WORK TASK: The expected output is the full set of entries, printed exactly, without pictures.

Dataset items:

______

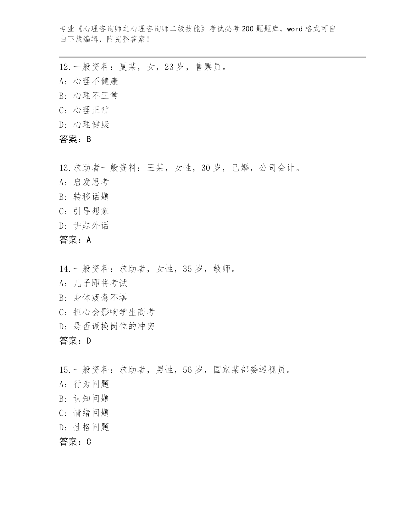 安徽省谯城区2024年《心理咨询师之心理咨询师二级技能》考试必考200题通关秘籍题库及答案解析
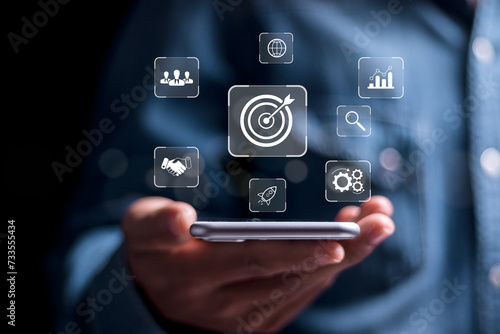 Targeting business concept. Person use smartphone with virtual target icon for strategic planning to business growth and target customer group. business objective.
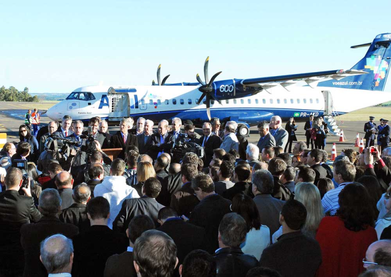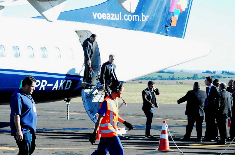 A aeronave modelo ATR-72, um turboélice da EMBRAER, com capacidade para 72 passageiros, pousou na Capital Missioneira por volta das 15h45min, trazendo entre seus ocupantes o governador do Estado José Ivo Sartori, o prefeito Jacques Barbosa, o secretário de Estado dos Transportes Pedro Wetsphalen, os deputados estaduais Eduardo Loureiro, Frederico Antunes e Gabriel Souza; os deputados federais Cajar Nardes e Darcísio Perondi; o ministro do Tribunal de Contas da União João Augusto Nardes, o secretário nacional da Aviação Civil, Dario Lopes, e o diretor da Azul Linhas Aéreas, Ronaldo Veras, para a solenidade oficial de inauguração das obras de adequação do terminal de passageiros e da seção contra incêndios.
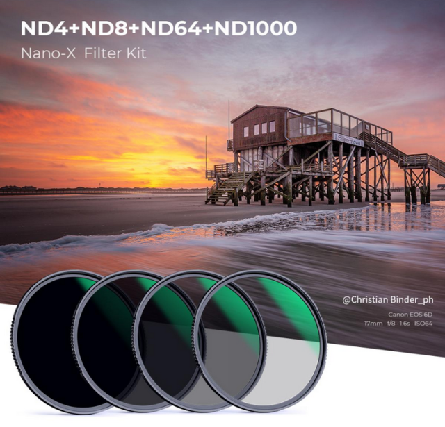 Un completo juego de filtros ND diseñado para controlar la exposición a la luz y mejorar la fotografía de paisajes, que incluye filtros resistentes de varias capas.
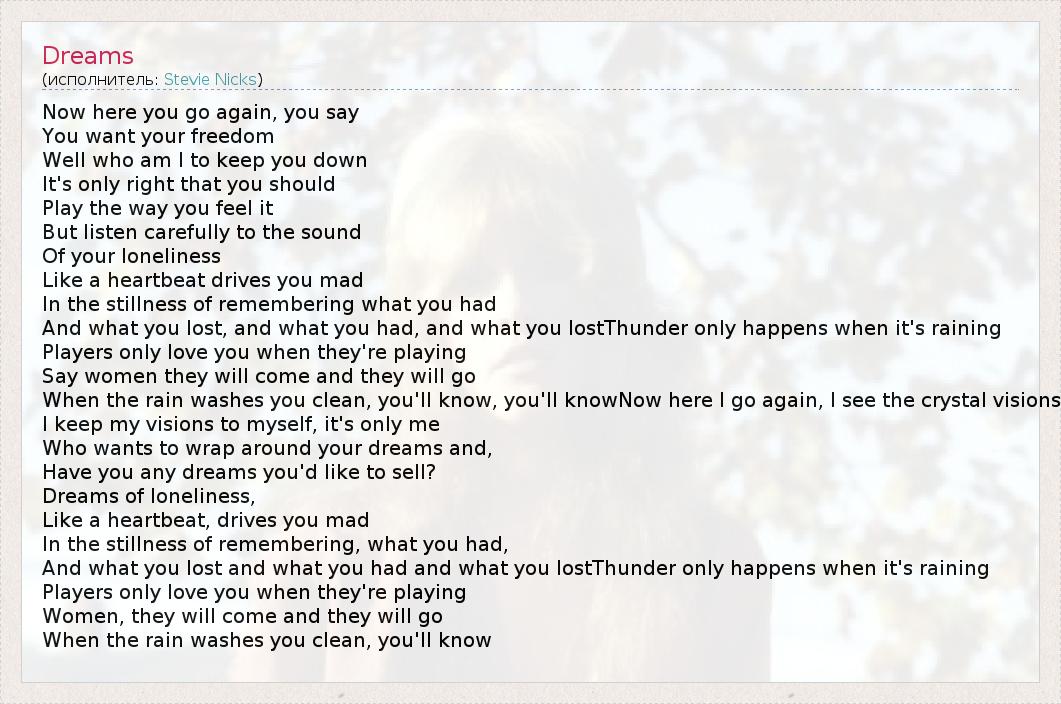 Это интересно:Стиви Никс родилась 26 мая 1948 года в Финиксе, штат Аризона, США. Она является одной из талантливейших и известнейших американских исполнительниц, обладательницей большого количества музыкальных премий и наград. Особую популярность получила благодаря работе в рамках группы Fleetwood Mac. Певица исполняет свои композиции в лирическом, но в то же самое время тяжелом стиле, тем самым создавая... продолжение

______

ANSWER:
 安徽省谯城区2024年《心理咨询师之心理咨询师二级技能》考试必考200题通关秘籍题库及答案解析
 Targeting business concept. Person use smartphone with virtual target icon for strategic planning to business growth and target customer group. business objective.
 A aeronave modelo ATR-72, um turboélice da EMBRAER, com capacidade para 72 passageiros, pousou na Capital Missioneira por volta das 15h45min, trazendo entre seus ocupantes o governador do Estado José Ivo Sartori, o prefeito Jacques Barbosa, o secretário de Estado dos Transportes Pedro Wetsphalen, os deputados estaduais Eduardo Loureiro, Frederico Antunes e Gabriel Souza; os deputados federais Cajar Nardes e Darcísio Perondi; o ministro do Tribunal de Contas da União João Augusto Nardes, o secretário nacional da Aviação Civil, Dario Lopes, e o diretor da Azul Linhas Aéreas, Ronaldo Veras, para a solenidade oficial de inauguração das obras de adequação do terminal de passageiros e da seção contra incêndios.
 Un completo juego de filtros ND diseñado para controlar la exposición a la luz y mejorar la fotografía de paisajes, que incluye filtros resistentes de varias capas.
 Это интересно:Стиви Никс родилась 26 мая 1948 года в Финиксе, штат Аризона, США. Она является одной из талантливейших и известнейших американских исполнительниц, обладательницей большого количества музыкальных премий и наград. Особую популярность получила благодаря работе в рамках группы Fleetwood Mac. Певица исполняет свои композиции в лирическом, но в то же самое время тяжелом стиле, тем самым создавая... продолжение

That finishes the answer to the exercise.